Generate CLIP Embeddings to be able to calculate a similarity between images (or texts)
Embedding-based identification of clusters that have an exceptionally high CLIP Score.

Step 1: Calculating the CLIP Score

This is fairly easy as this is implemented in the torchmetrics library.

The CLIP scores can already be used to filter out promising renderings such as this cute Capybara. (Tool: Spotlight)

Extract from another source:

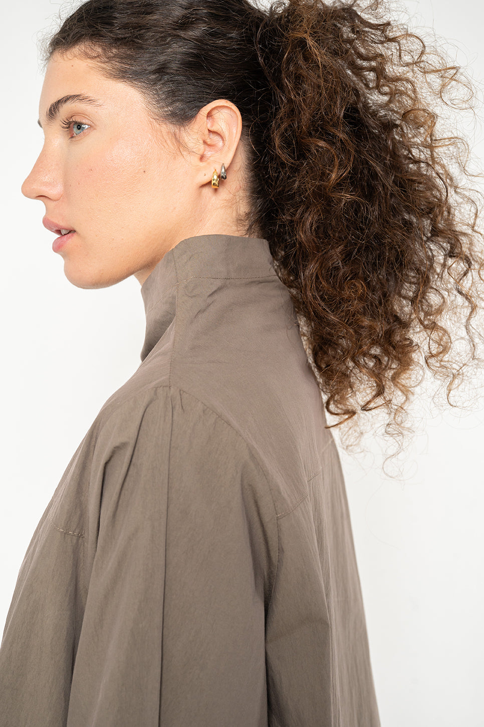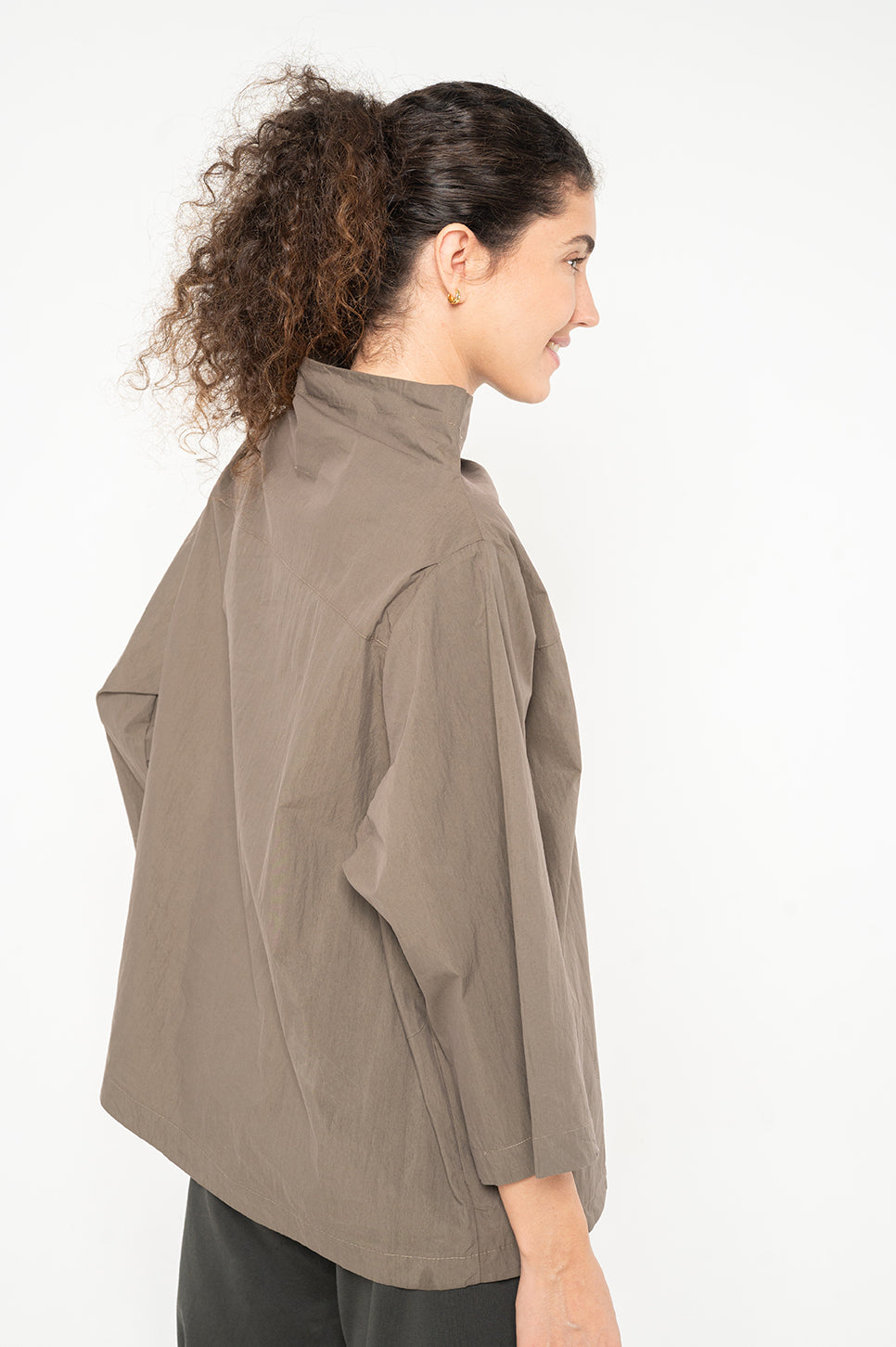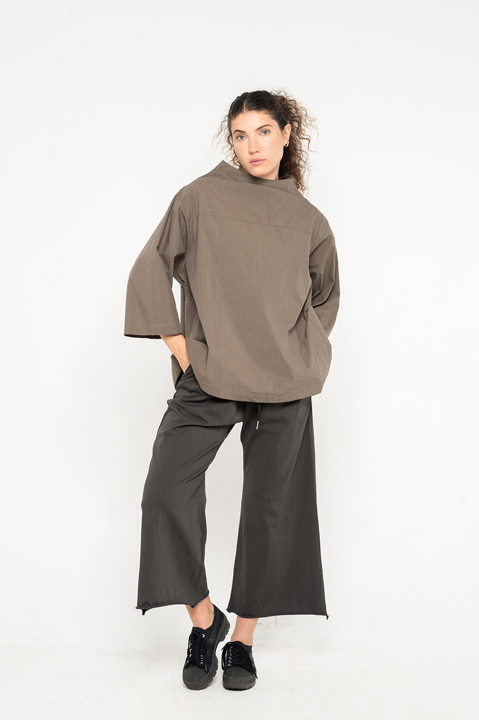 חולצת אריג דקה בגזרת אוברסייז ישרה, עם צווארון גבוה ושרוולי 3/4.

This step will give you a score for each prompt-image pair that captures how well the image contents are matching the prompt.

Step 2: Calculating CLIP Embeddings

For calculating CLIP Embeddings you can use the Huggingface transformers library. Just instantiate a CLIP model and extract text and image embeddings in one go.

Ordering their data by their embedding (Project Embedding on 2D Plot) lets us find some friends for the Capybara that also have a high CLIP Score. (Tool: Spotlight)

Using Tools such as Spotlight or just applying a dimensionality reduction technique lets us already explore the images according to similarity. Coloring by CLIP Score additionally gives you a sense of which types of images seem to work especially well. You could now already go through the clusters you identify visually and select promising images and prompts interactively.

Step 3: Automatically Find Clusters of Nice Images

Maybe you have just a large amount of data; maybe you just want to narrow down your choices a little bit. There are ways to just automatically identify clusters of images/prompts in the data where Stable Diffusion worked exceptionally well. One of them is using sliceguard, a library for identifying clusters where your model works exceptionally well or badly.

It all boils down to one call here:

sg = SliceGuard()
sg.find_issues(df, ["clip_image_embedding"],
               "clip_score",
               "clip_score",
               return_precomputed_metric,
               metric_mode="min",
               min_support=2,
               min_drop=4.5,
               precomputed_embeddings={"clip_image_embedding": clip_image_embeddings})
sg.report()

This will just look for clusters in the data with a minimum number of two samples with an average CLIP Score that is at least 4.5 higher than the mean of the whole dataset. Check the notebook for more details!

Automatic clustering algorithms help you identify similar groups in the data based on image and text embeddings. In this case, famous people eating or cooking food. (Tools: sliceguard and Spotlight)

From applying sliceguard you will get a list of data clusters that are judged exceptionally well using the CLIP Score metric. Depending on which thresholds you set, you can adjust how much data you want to filter and how much you want to keep for manual inspection.

Conclusion

Applying the CLIP Score and Embedding-based Clustering for selecting promising prompts and images that are used or generated by stable diffusion is for sure an interesting approach. However, I made the experience that the CLIP Score metric seems to be heavily biased toward certain types of images. In particular, especially the following two cases that yield high CLIP Scores were apparent:

Portraits of people were judged way higher than landscapes, animals, things.
Especially generated images of prominent persons that are probably highly overrepresented in the training data and easy to associate with certain images are rated even higher.

Therefore, in the notebook, I propose an extension of the approach that is based on identifying categories of images based on embeddings beforehand. Those categories can then be searched for promising images one-by-one, which results in a higher variety of image categories being present in the final selection.